Pandas

background image

Pandas is a software library in Python that is used for data manipulation and analysis. It provides data structures and data analysis tools for handling and manipulating numerical tables and time series data.

One of the main data structures in Pandas is the DataFrame, which is a two-dimensional table of data with rows and columns. Pandas provides a variety of functions and methods for working with DataFrames, including reading data from files, cleaning and transforming data, and performing statistical analysis.

Pandas is widely used in the data science community for tasks such as preparing data for analysis, visualization, and machine learning. It is a powerful and flexible tool for working with structured data in Python.

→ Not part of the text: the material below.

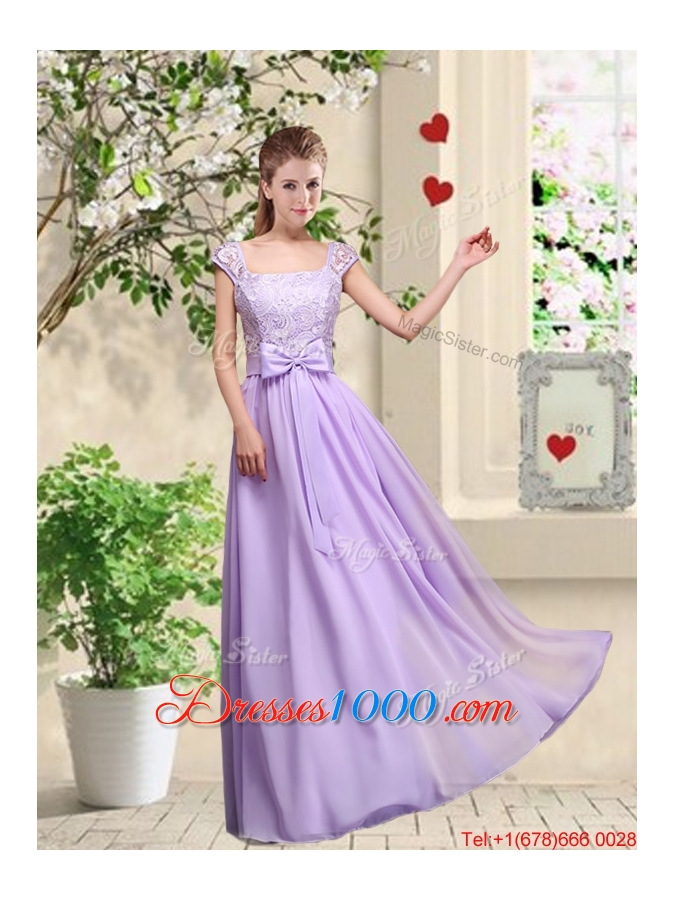 New Style Laced and Bowknot Prom Dresses with Square
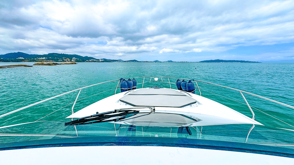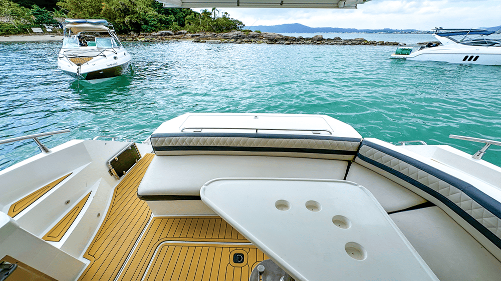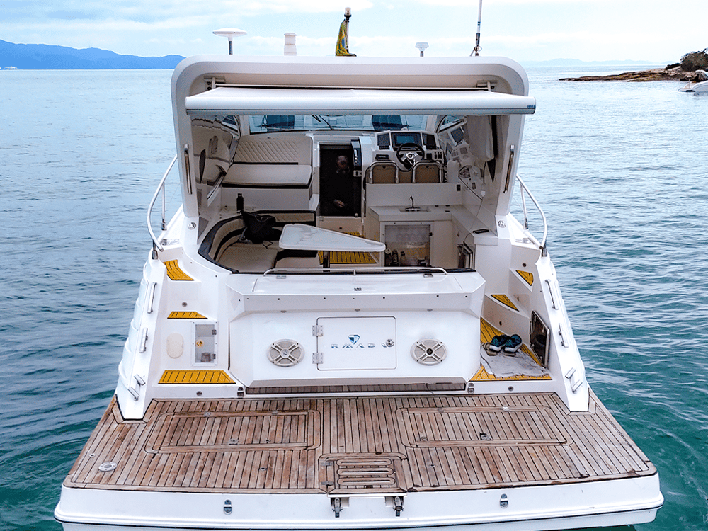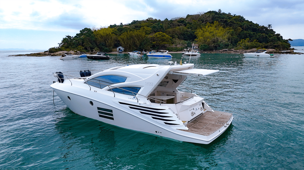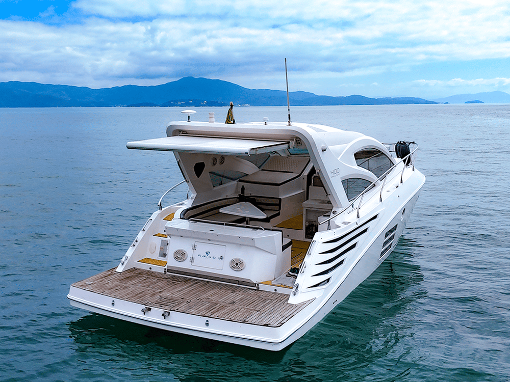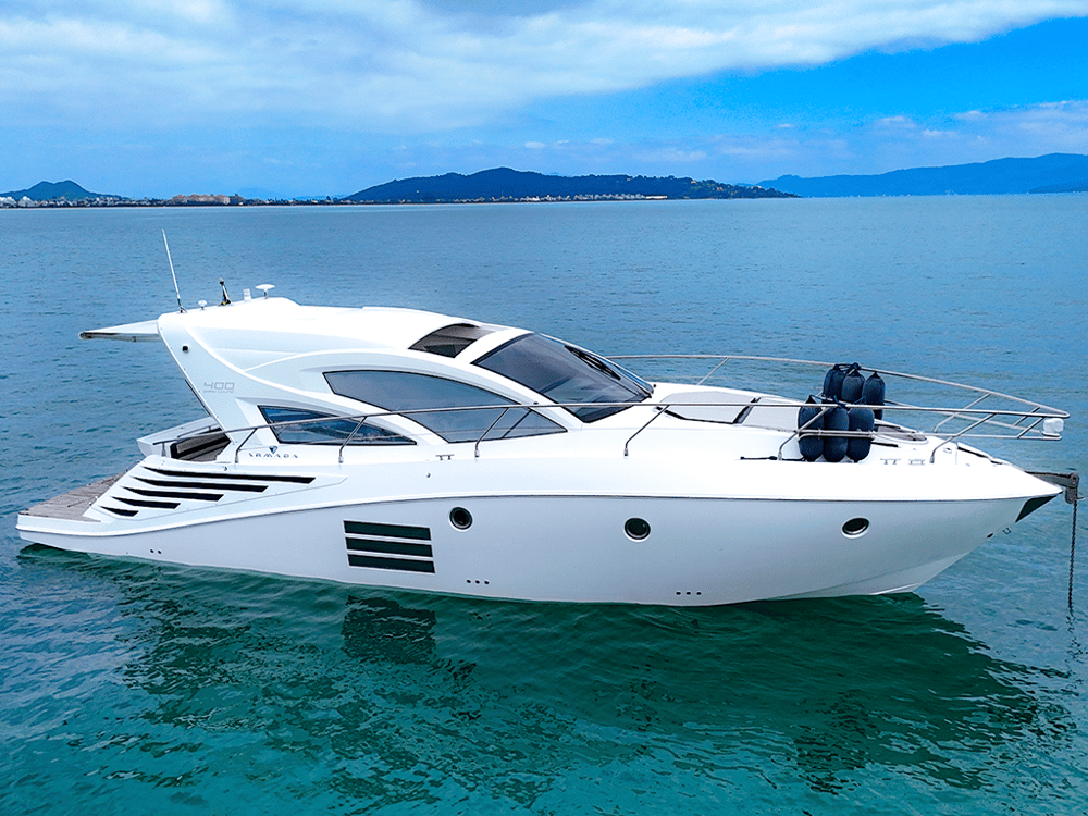 Lancha Armada 400 de 40 pés para até 13 passageiros lancha possui cozinha equipada, suíte, gerador, cabine auxiliar, ar condicionado, plataforma de popa, churrasqueira, som bluetooth,  banheiro e boias macarrão para um belo Passeio de Lancha em Florianópolis

Here is an example of how to use Pandas to read data from a CSV file and perform some basic data manipulation:

import pandas as pd

# Read the data from a CSV file
df = pd.read_csv('data.csv')

# Print the first 5 rows of the DataFrame
print(df.head())

# Select a specific column
price_column = df['Price']

# Calculate the mean of a column
mean_price = price_column.mean()
print(mean_price)

# Filter the DataFrame based on a condition
high_prices = df[df['Price'] > 100]
print(high_prices)

In this example, we use Pandas to read a CSV file into a DataFrame, which is a two-dimensional table of data. We use the head method to print the first 5 rows of the DataFrame, and the mean method to calculate the mean of a specific column. We also use boolean indexing to filter the DataFrame based on a condition.